**WHAT TO DO**
Transcribe the data that follows without changing a word, and omit the pictures.

**RECORDED INFORMATION**
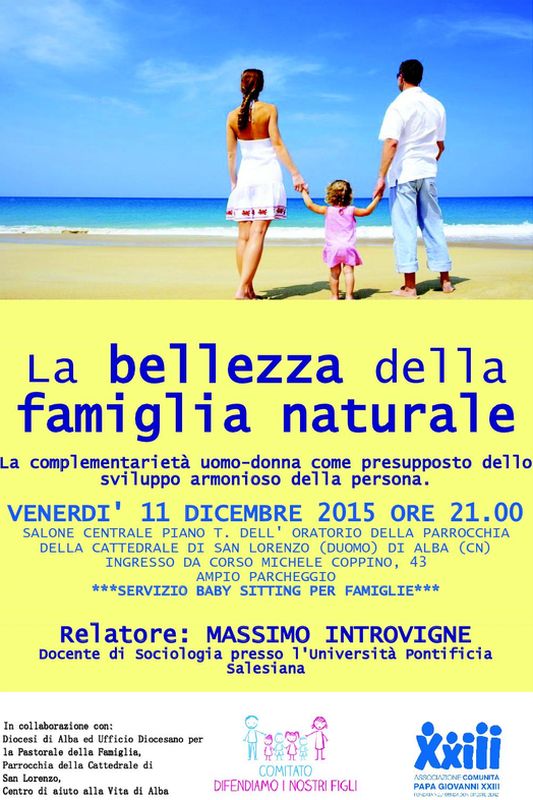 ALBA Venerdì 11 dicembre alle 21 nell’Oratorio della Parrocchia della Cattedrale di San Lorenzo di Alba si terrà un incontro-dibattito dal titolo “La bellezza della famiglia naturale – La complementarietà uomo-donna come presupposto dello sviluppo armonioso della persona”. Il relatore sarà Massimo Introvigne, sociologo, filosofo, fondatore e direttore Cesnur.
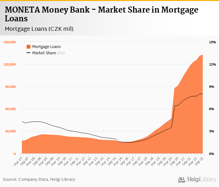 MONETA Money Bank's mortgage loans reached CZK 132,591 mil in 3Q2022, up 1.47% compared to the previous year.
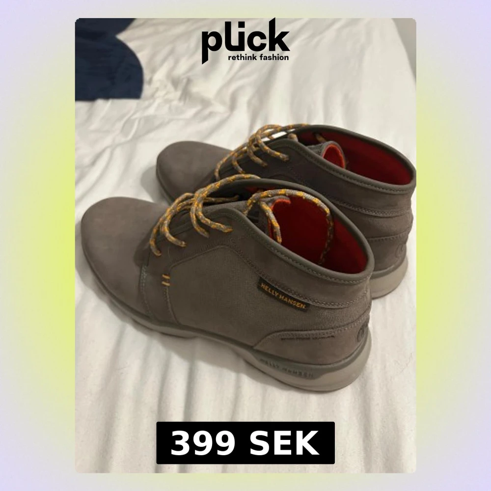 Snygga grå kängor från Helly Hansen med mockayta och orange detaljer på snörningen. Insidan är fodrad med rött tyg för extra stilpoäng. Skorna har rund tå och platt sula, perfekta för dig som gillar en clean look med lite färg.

**RESULT FOR THIS EXERCISE**
 ALBA Venerdì 11 dicembre alle 21 nell’Oratorio della Parrocchia della Cattedrale di San Lorenzo di Alba si terrà un incontro-dibattito dal titolo “La bellezza della famiglia naturale – La complementarietà uomo-donna come presupposto dello sviluppo armonioso della persona”. Il relatore sarà Massimo Introvigne, sociologo, filosofo, fondatore e direttore Cesnur.
 MONETA Money Bank's mortgage loans reached CZK 132,591 mil in 3Q2022, up 1.47% compared to the previous year.
 Snygga grå kängor från Helly Hansen med mockayta och orange detaljer på snörningen. Insidan är fodrad med rött tyg för extra stilpoäng. Skorna har rund tå och platt sula, perfekta för dig som gillar en clean look med lite färg.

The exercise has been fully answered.